For Jevons, a better steam engine reduces coal per horsepower-hour. But by making horsepower-hours cheaper, it increases demand for steam-powered activities. The relevant elasticity is therefore the percentage increase in coal-using activity divided by the percentage increase in coal efficiency. If a 10% improvement in efficiency raises coal-using activity by more than 10%, total coal use rises. That is the precise Jevons condition. And a rebound greater than 100% is called “backfire.”
Most empirical work finds some rebound, but not always backfire. The magnitude depends on the elasticity of demand for the energy service, the share of energy in the full cost of that service, saturation, complementary investments, and economy-wide growth effects. For example, washing machines account for a small share of water use, so we are unlikely to see a backfire effect here.
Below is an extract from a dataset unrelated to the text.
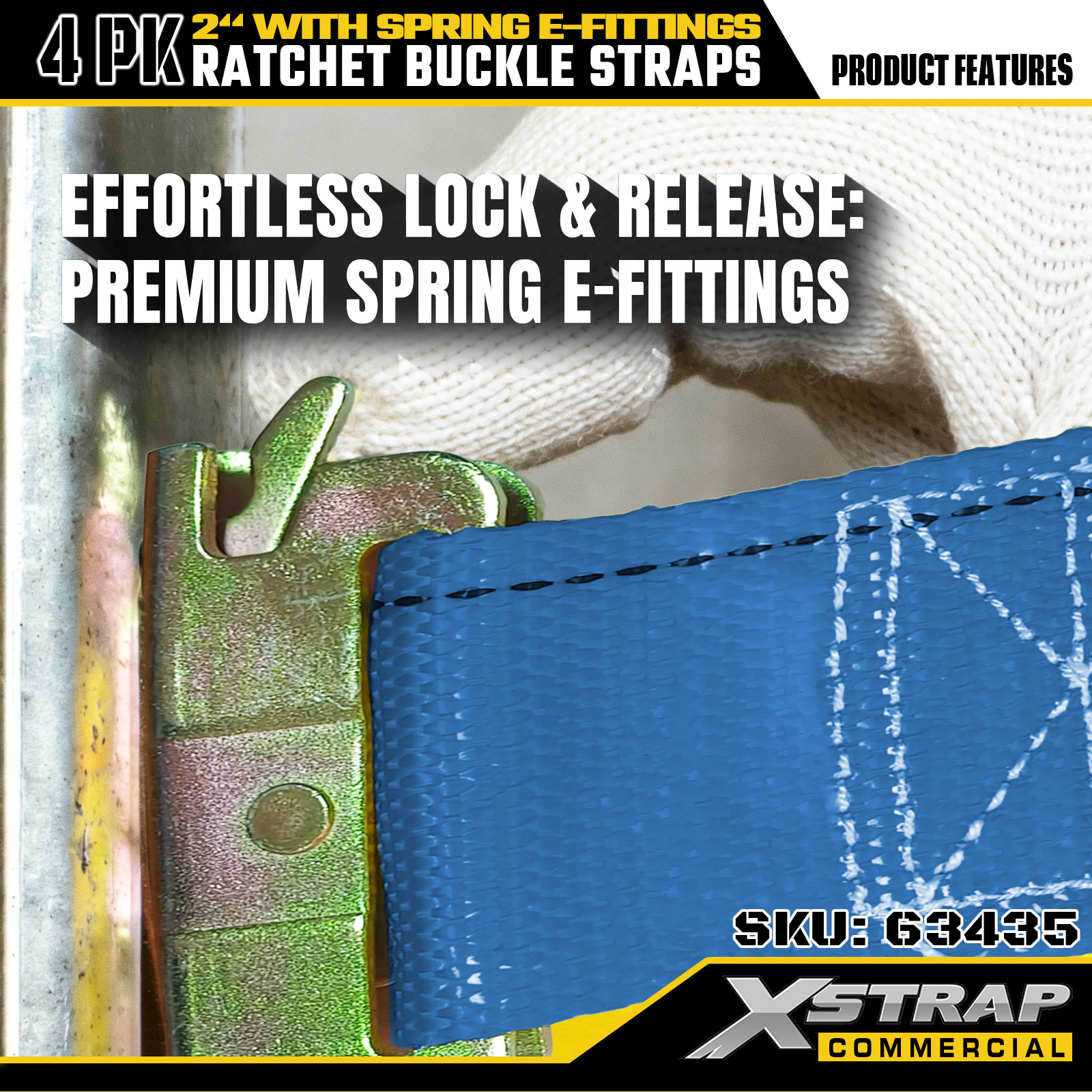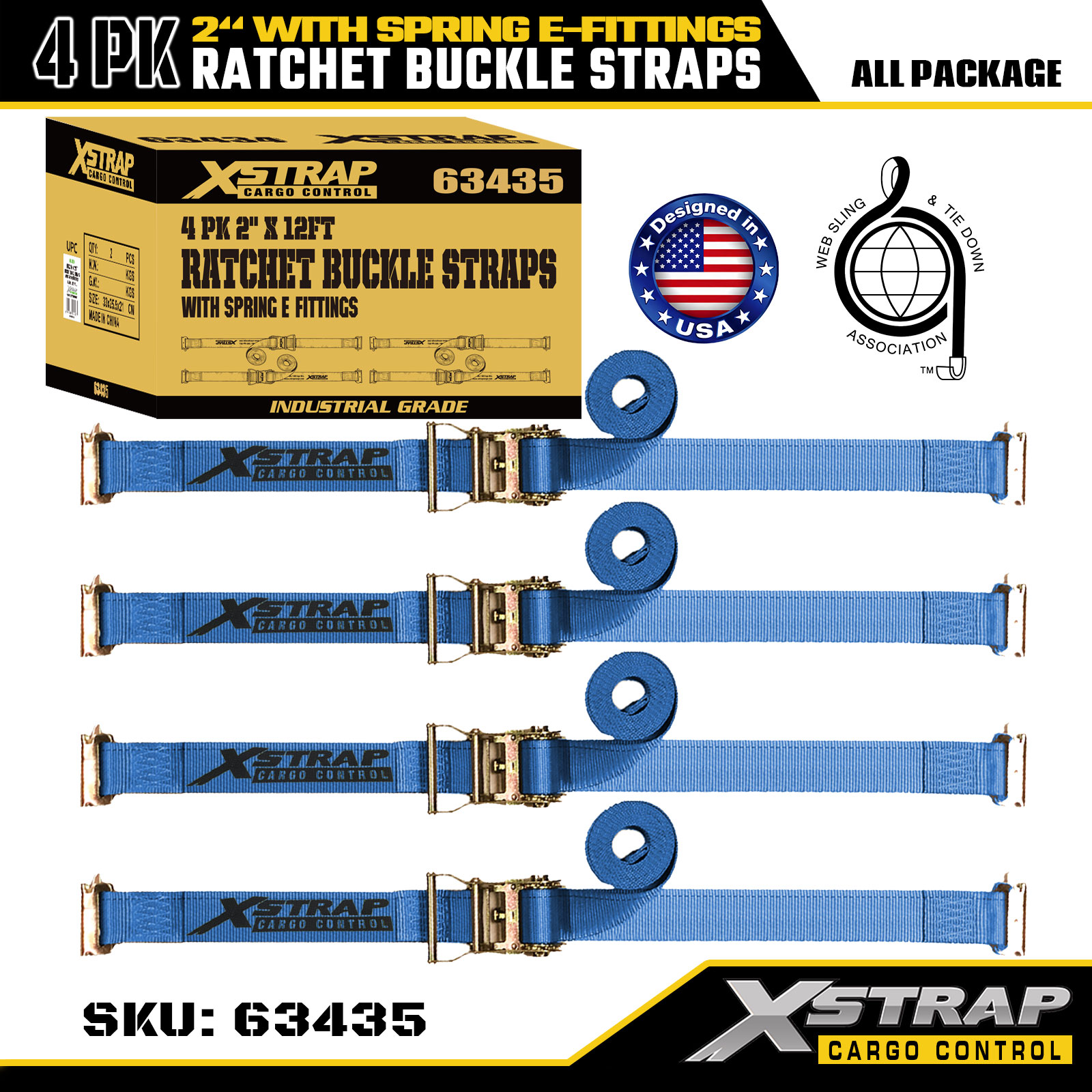 Xstrap 4-balenie račňových upínacích popruhov, 2" x 12" polyesterové popruhy na zaistenie nákladu s pružinovými E-kovaniami, 1467 lb Bezpečné pracovné zaťaženie (SWL) a 4401 lb medzná sila, pre nákladné autá, kosačky, ATV
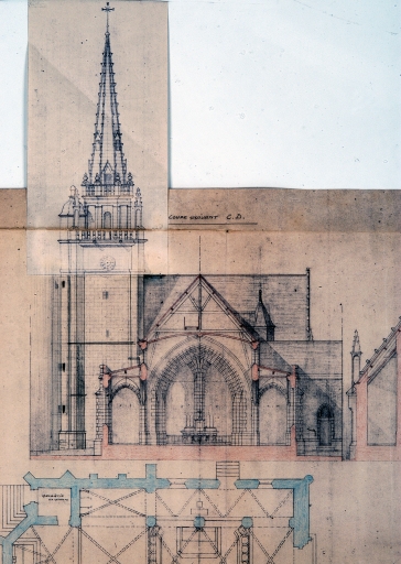 Dessin de Caubert de Cléry, coupe transversale de la chapelle,1911 (A.D. 56, série 2O 10/6, 8)Immatriculation

The modern AI argument directly borrows this idea. As the cost of a cognitive task (writing, coding, analysis, translation) falls toward the marginal cost of inference (zero?), the relevant question is not whether output per unit of compute rises (it plainly does), but the elasticity of task demand with respect to that falling effective price. Where this elasticity is high, total activity grows faster than per-task efficiency improves, and aggregate consumption of the underlying inputs - compute, electricity, and the labor that complements rather than substitutes for the model - rises rather than falls.
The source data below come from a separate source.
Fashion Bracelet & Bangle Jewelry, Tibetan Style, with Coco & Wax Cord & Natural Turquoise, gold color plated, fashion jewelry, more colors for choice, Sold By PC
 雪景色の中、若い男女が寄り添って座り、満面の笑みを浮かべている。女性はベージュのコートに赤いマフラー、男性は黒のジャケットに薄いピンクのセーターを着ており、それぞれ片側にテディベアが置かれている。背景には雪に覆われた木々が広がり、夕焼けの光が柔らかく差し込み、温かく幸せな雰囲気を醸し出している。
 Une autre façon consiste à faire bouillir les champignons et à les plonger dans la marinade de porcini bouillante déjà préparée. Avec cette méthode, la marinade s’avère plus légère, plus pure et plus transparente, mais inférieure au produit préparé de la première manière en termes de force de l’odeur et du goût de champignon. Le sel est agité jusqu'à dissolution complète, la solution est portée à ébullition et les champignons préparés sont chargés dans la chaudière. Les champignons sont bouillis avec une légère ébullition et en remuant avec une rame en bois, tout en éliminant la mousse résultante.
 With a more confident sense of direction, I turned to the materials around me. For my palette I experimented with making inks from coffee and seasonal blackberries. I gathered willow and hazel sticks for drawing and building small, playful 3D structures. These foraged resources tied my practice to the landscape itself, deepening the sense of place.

AI is an unusually interesting candidate for backfire, though not uniformly so. The effect is most likely when the cognitive component accounts for a large share of the full task cost, when model output can be used with little verification, and when efficiency gains pass through substantially to the effective price of the activity. A second, and more important, point is that cheap cognition does not merely intensify existing uses. It opens entirely new ones. Tasks that were previously uneconomic to perform at all, such as exhaustive document review, per-customer personalization, continuous code refactoring, or real-time translation at scale, become viable. Demand therefore shifts outward rather than simply moving along a fixed curve. This is the channel Jevons emphasized, which economists call the extensive margin. In those settings, an increase in demand for certain tasks can raise the demand for labor, rather than produce the job apocalypse that everyone keeps furrowing their brows about.3
In closing, to my current and past face-to-face students, if I kept you overlong and away from imbibing mead, I am sorry. But as a pope said:
A little learning is a dangerous thing;
Drink deep, or taste not the Pierian spring:
There shallow draughts intoxicate the brain,
And drinking largely sobers us again.
And yes, I am aware that probably none of you are reading this.
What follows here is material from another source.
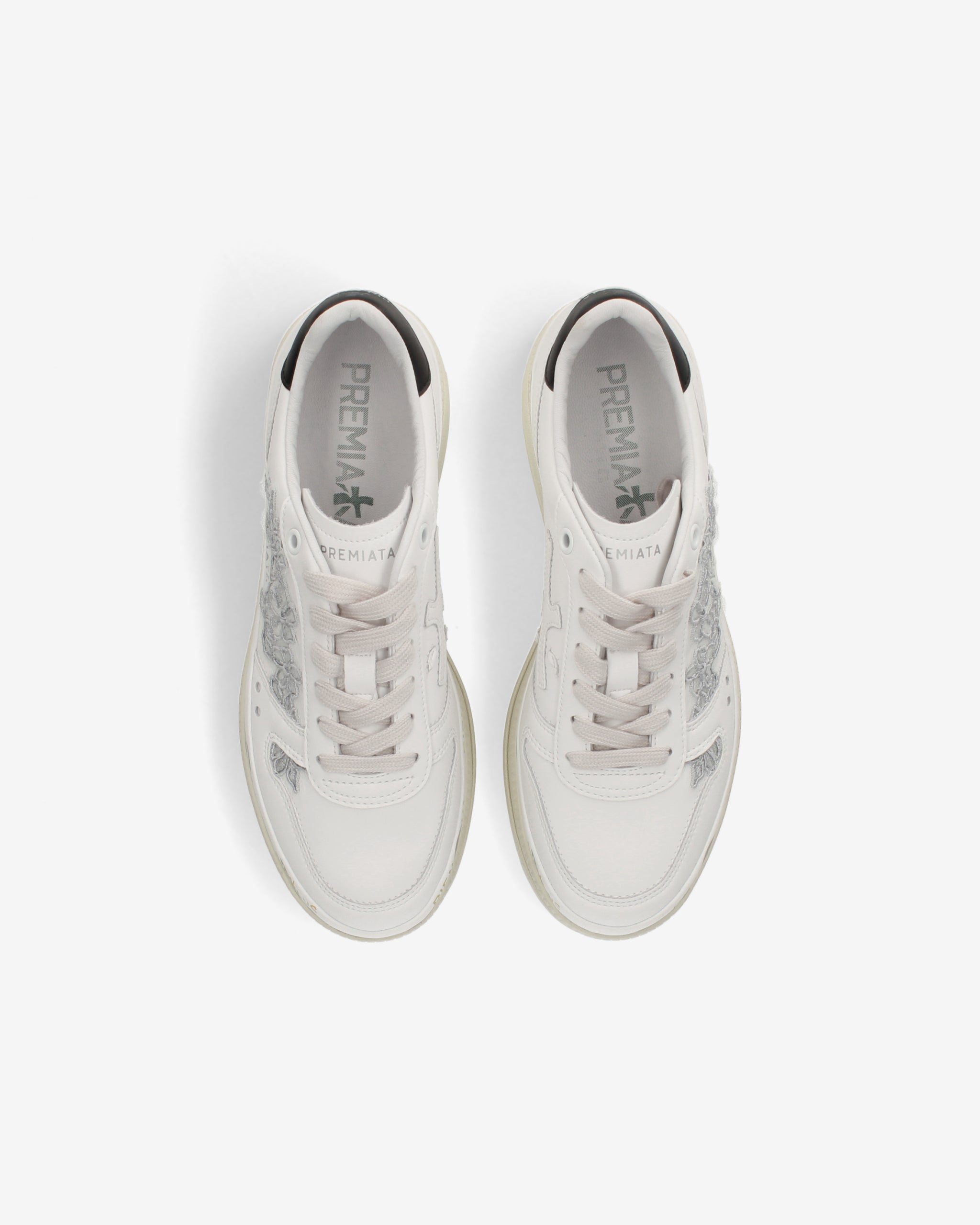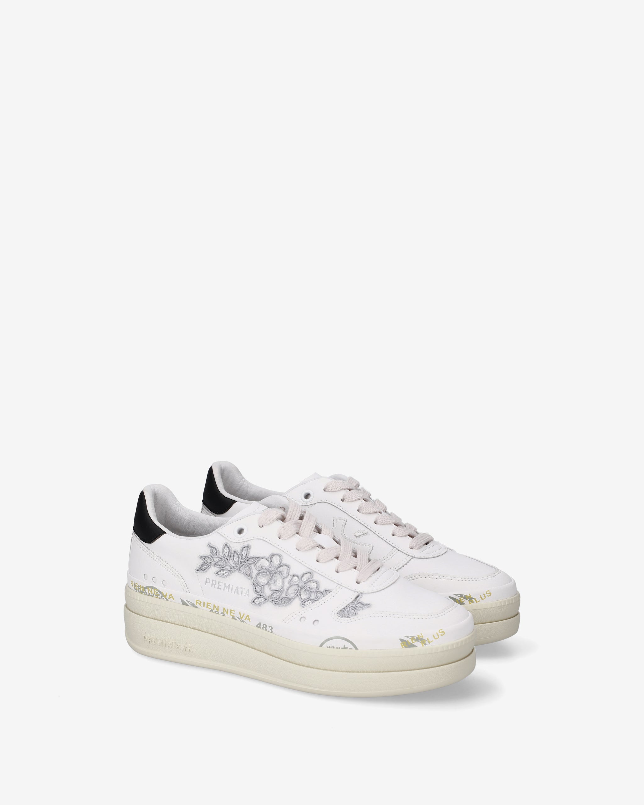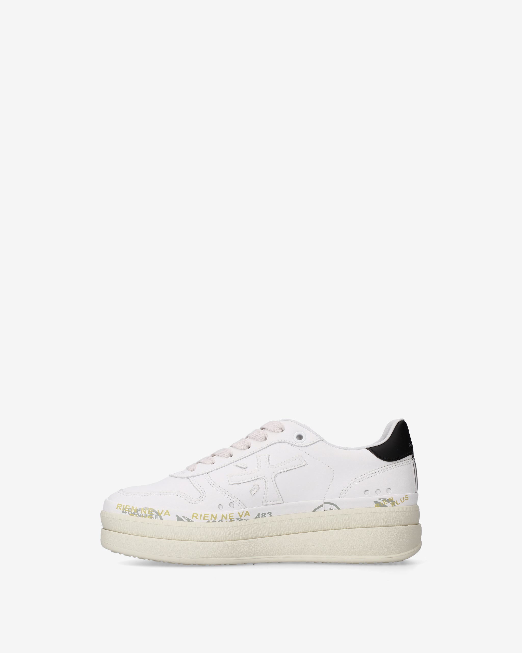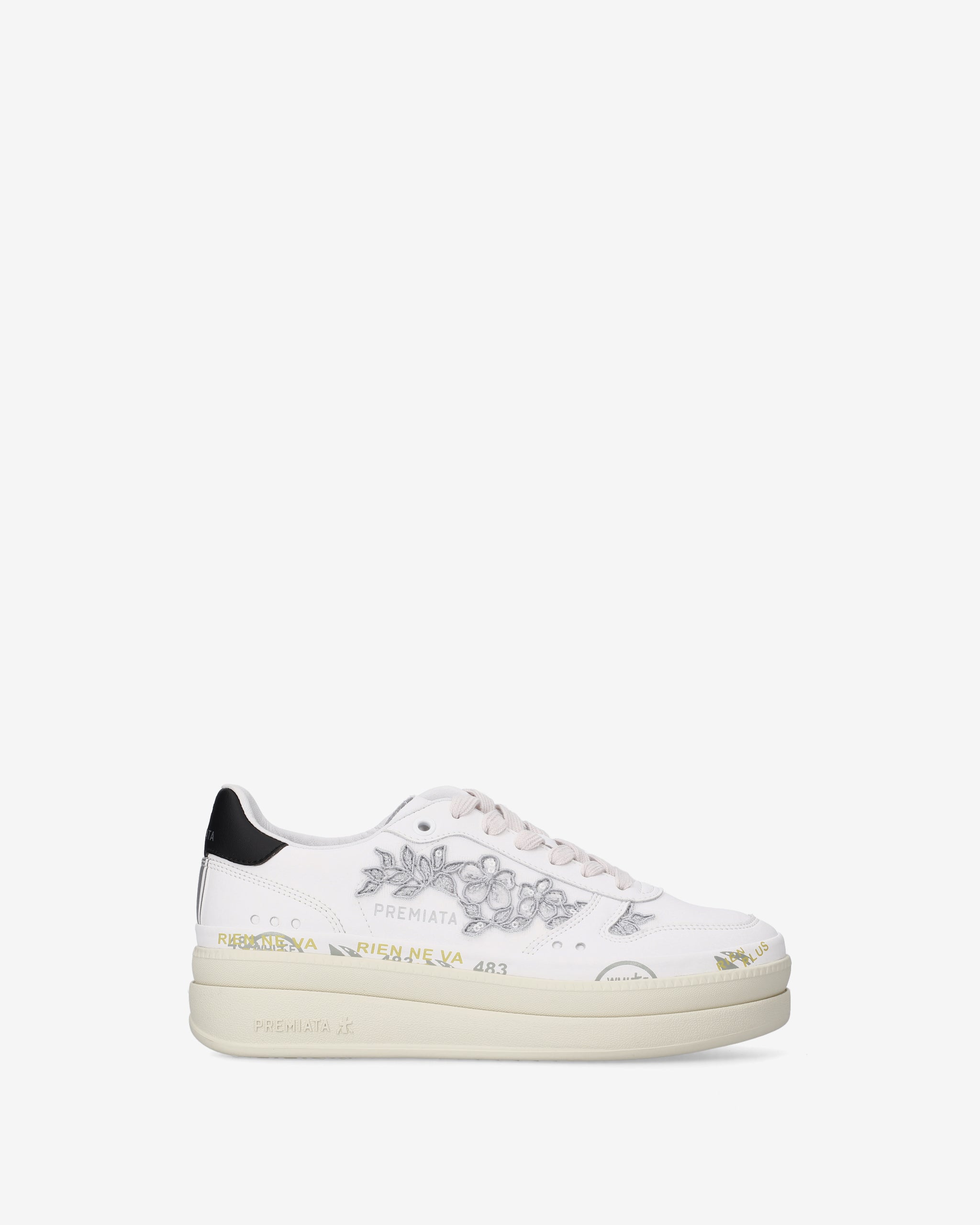 One of Premiata's new must-haves. Style reaches new heights, combining designs such as the double-layer platform sole with a midsole embellished with the brand's iconic stamps.

Here is an actual quote: “Jevons Paradox is the idea that when a technology makes something dramatically more efficient and cheaper, total usage of that thing often increases rather than decreases because lower costs unlock new demand and new uses.” This is like saying if electricity prices fell, we would use more electricity.
I am being quite loose here. The rebound will be smaller where trust, regulation, integration costs, legal exposure, or human judgment remain binding constraints. Of course, workflows will also change as some tasks are automated, some are augmented, and new ones emerge.